Belum ada secoret kata pun di kertas Sandra.
Masih putih, bersih, tanpa setitik pun noda. Beberapa anak yang sampai hari itu
belum mempunyai persoalan yang teralalu berarti dalam hidupnya menulis dengan
lancar. Bebarapa diantaranya sudah selesai dan setelah menyerahkannya segera
berlari keluar kelas.
Sandra belum tahu judul apa yang harus
ditulisnya.
“Kertasmu masih kosong, Sandra?” Ibu Guru Tati
tiba-tiba bertanya.
Sandra tidak menjawab. Ia mulai menulis
judulnya: Ibu. Tapi, begitu Ibu Guru Tati pergi, ia melamun lagi. Mama, Mama,
bisiknya dalam hati. Bahkan dalam hati pun Sandra telah terbiasa hanya
berbisik.
Ia juga hanya berbisik malam itu, ketika
terbangun karena dipindahkan ke kolong ranjang. Wanita itu barangkali mengira
ia masih tidur. Wanita itu barangkali mengira, karena masih tidur maka Sandra
tak akan pernah mendengar suara lenguhnya yang panjang maupun yang pendek di
atas ranjang. Wanita itu juga tak mengira bahwa Sandra masih terbangun ketika
dirinya terkapar tanpa daya dan lelaki yang memeluknya sudah mendengkur keras
sekali. Wanita itu tak mendengar lagi ketika dikolong ranjang Sandra berbisik
tertahan-tahan “Mama, mama …” dan pipinya basah oleh air mata.

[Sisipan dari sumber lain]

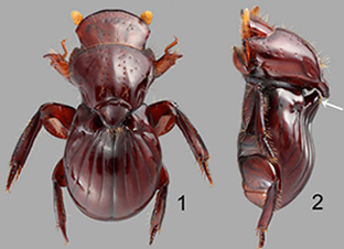 Cette espèce de coléoptère récemment découverte, originaire du Cambodge, vie à l’intérieur des nids de termite de l’espèce Macrotermes gilvus. Un appendice sert de "poignée" (au sens propre ; flèche sur l'image 2) que les termites agrippent pour les transporter. Lire la suite
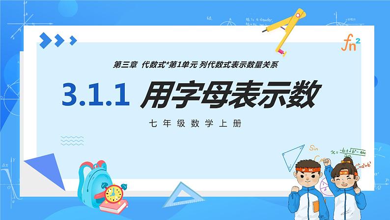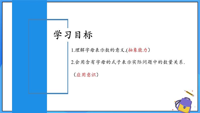 1.理解字母表示数的意义.(抽象能力)2.会用含有字母的式子表示实际问题中的数量关系.(应用意识)
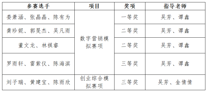 近日,第十一届“学创杯”全国大学生创业综合模拟大赛福建省选拔赛公布获奖名单。九游(NineGame)官方网站商学院选派8支参赛队伍分别获数字营销模拟赛一等奖1项、二等奖2项、三等奖1项,创业综合模拟赛三等奖1项的好成绩,为学校赢得了荣誉。
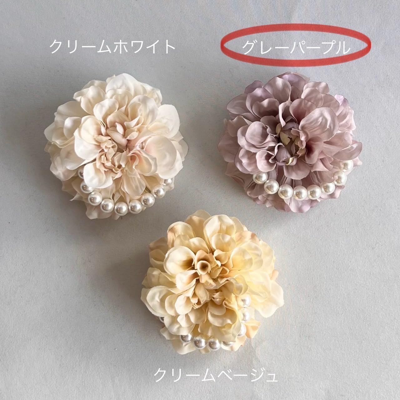 グレーパープル《優しいくすみカラー》のダリアに大粒パールを合わせシンプルかつ上品なデザインに仕上げました。
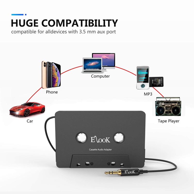- 【Wake up your vintage car】Elook cassette aux adapter connects your music library to your car tape deck. Making it easy to enjoy plentiful musics with premium sound in your vintage car!
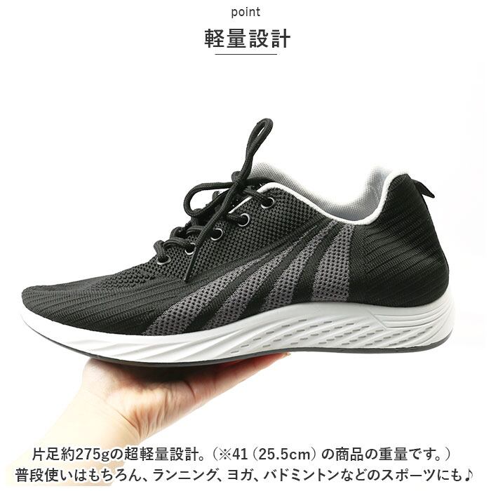 ・片足約275gの超軽量設計。(※41(25.5cm)の商品の重量です。)普段使いはもちろん、ランニング、ヨガ、バドミントンなどのスポーツにも♪

“Waktu habis, kumpulkan semua ke depan,” ujar
Ibu Guru Tati.
Semua anak berdiri dan menumpuk karanganya di
meja guru. Sandra menyelipkan kertas di tengah.
Di rumahnya, sambil nonton RCTI, Ibu Guru Tati
yang belum berkeluarga memeriksa pekerjaan murid-muridnya. Setelah membaca
separo dari tumpukan karangan itu, Ibu guru Tati berkesimpulan, murid-muridnya
mengalami masa kanak-kanak yang indah.
Ia memang belum sampai pada karangan Sandra,
yang hanya berisi kalimat sepotong:
Ibuku seorang pelacur…
Palmerah, 30 November 1991
*) Dimuat di harian Kompas, 5 Januari 1992.
Terpilih sebagai Cerpen Pilihan Kompas 1993.